Единственным вопросом его было:
– Сколько?
– На глез (глаз) еден пук (один полк).
Милорад Курандич, схватив винтовку и набив все карманы обоймами, в мгновение ока вылетел из каземата. Начал собирать своих людей.
Всех вместе с «финансами» (пограничной стражей) было девяносто человек.
Половину Курандич послал в окопы на самом гребне Калэмагдена, другой половине велел залечь на крепостных валах.
Капитан выстрелом из винтовки подает сигнал к огню по всей линии.
В эту ночь еще не было в крепости ни пулеметов, ни орудий.
Все ближе и ближе и так зловеще надвигается вражья флотилия. Высунувшись из окопа, наблюдает ее Курандич. Этот Драголюб прав. В общем, судя по «утрамбованной» массе кишащих на баркасах австрийских солдат, пожалуй, наберется и полк.
Ждут, мучительно ждут сербы сигнала, и кажется им, что уже пора начинать, что еще минута, и будет поздно, шваб подплывет к самому берегу. Каждый войник полон дьявольского искушения нажать спуск…
Но Курандич знал, что делает. Бить, надо бить наверняка, чтобы каждая сербская пуля угодила в это человеческое месиво.
Широкогрудые баркасы – шагов на семьсот от берега.
Сухо щелкнул выстрел и далеко пошел над водой перекликами.

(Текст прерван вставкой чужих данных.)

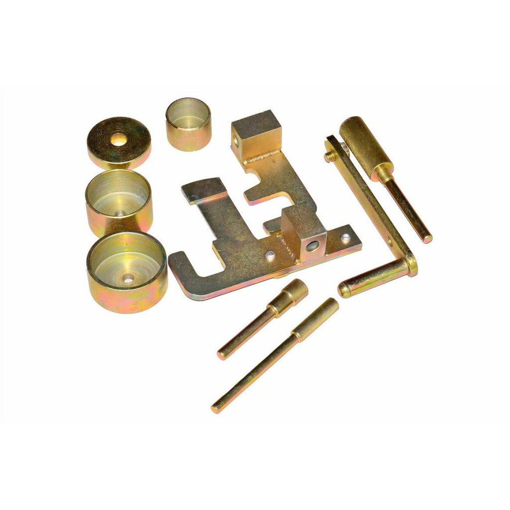 Vezérlés rögzítő szerszámkészlet, Renault, Opel és Nissan 1.5, 1.9, 2.2, 2.5 DCI-hez. A készlet tartalmazza a vezérműtengely, a főtengely rögzítőket és a vezérműszíj-feszítő szerszámokat.
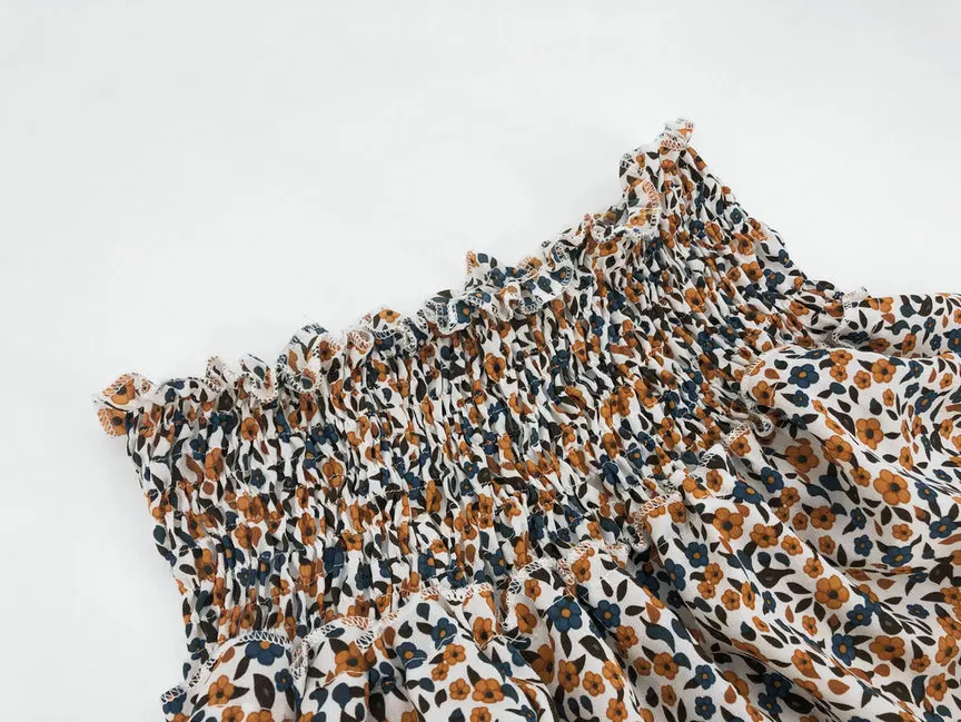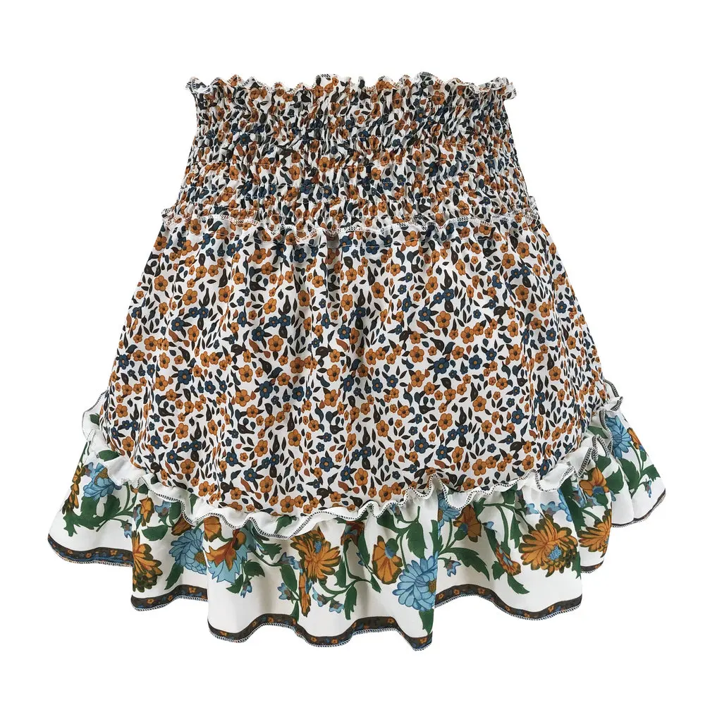 Женская Повседневная юбка Бохо, эластичная короткая юбка с цветочным принтом и высокой талией, гофрированная пляжная юбка
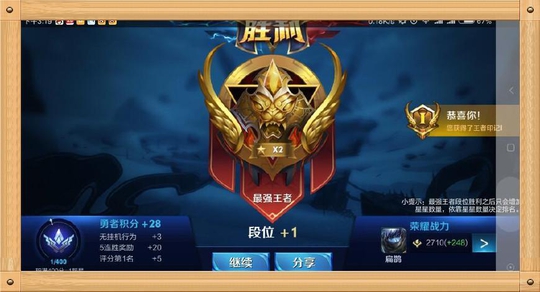 前面介绍的截图都是随缘,下面第五张图才是我们大家想要的,玩这么久的王者荣耀第一次上到了王者,以前一直发誓上到王者就不玩了,然后苦练几个月终于实现了这个目标,那么现在的你还在玩吗?
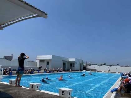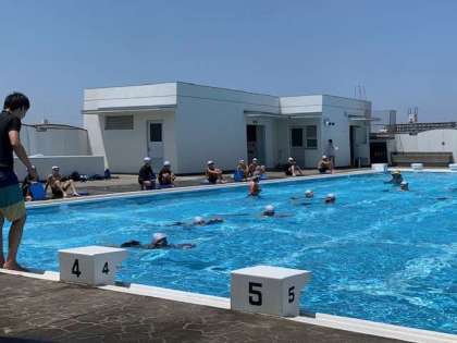 今日は、とってもいい天気です。暑いくらいです。6年生は、平泳ぎの練習を熱心に取り組んでいます。
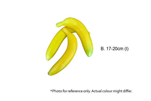 A. One bunch of 5 pieces of artificial banana. B. Single piece of banana. (To be rented separately, price is per unit and not as set). Dimensions: A. 20cm (l) x 12cm (d) x 12cm (w), B. 17-20cm (l). Rental price: A. RM5/bunch, B. RM2/unit. Stock quantity: A - 9 bunch, B - 10 units. [booqable_button id="aft02-tropical-fruits-banana"]
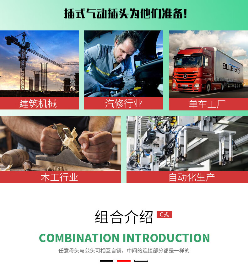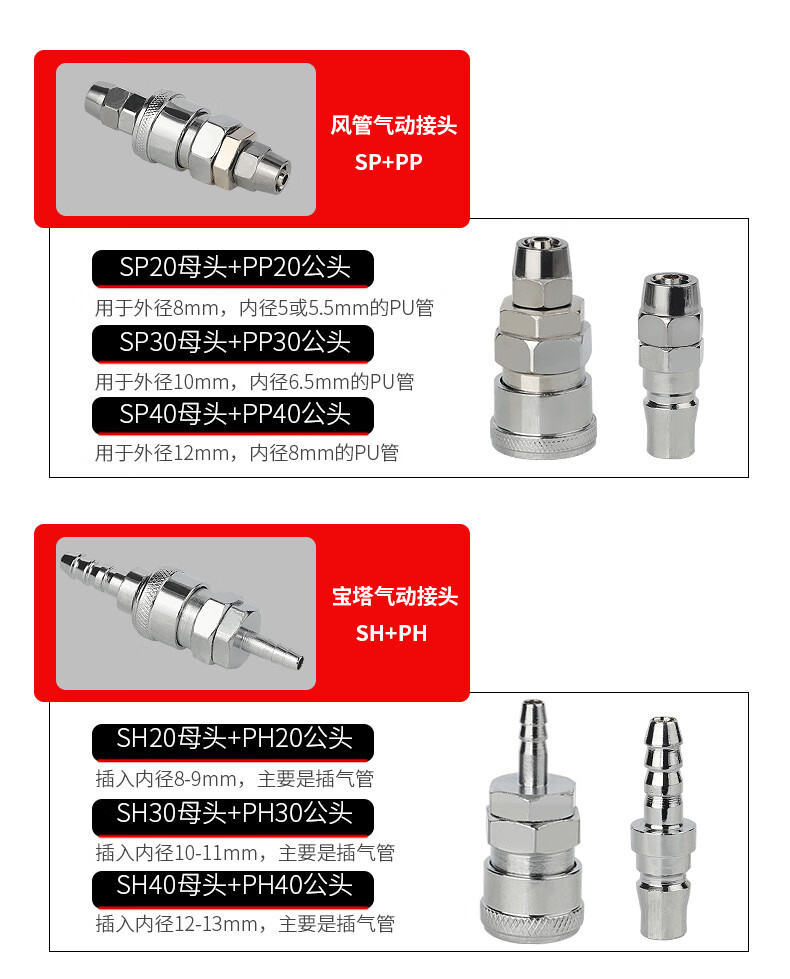 Delixi self-locking C-type male and female head 8mm trachea quick plug connector SP30 air compressor air pump accessories PP20 PP40 male head

Трескотня по всему фронту. Австрийцы очутились в беспомощном положении. Сами на виду, мишень, лучшей не выдумаешь, а сербы великолепно укрыты, и лишь вспыхивающие коротенькие молнии обозначают линию цепи. Кроме того, ответный огонь австрийцев не мог быть мало-мальски действительным еще и потому, что стрелять удавалось немногим, самым крайним, у бортов, вся же остальная масса так кучно теснила друг друга, руки не подымешь, не говоря уже о винтовке.
Курандич, зная, что каждый человек на счету, сам так усердно поддерживал огонь, что распалил до горяча ствол винтовки. Он. расстрелял все свои обоймы, и очутившийся рядом с ним Драголюб протягивал ему новые.
Бешеные крики и стоны неслись оттуда, с неприятельских баркасов. Неслись вместе с беспорядочной, жиденькой, ответной пальбой. А залпы сербов остановились все ожесточеннее, компактнее, гуще, сливаясь в один сплошной треск.
Проснувшиеся жители, позабыв всякий страх, высыпали на берег. Они видели весь этот бой, видели, как падают убитые, и раненые австрийцы в Дунай и плывут, уносимые течением…
А Курандич горел одной мыслью – хватит ли у австрийцев отваги и нервов высадиться под огнем? Если хватит, они сметут в рукопашном ударе горсточку защитников Белграда.
Но австрийцы, устрашенные потерями, охваченные паникой, повернули назад, провожаемые губительными сербскими залпами.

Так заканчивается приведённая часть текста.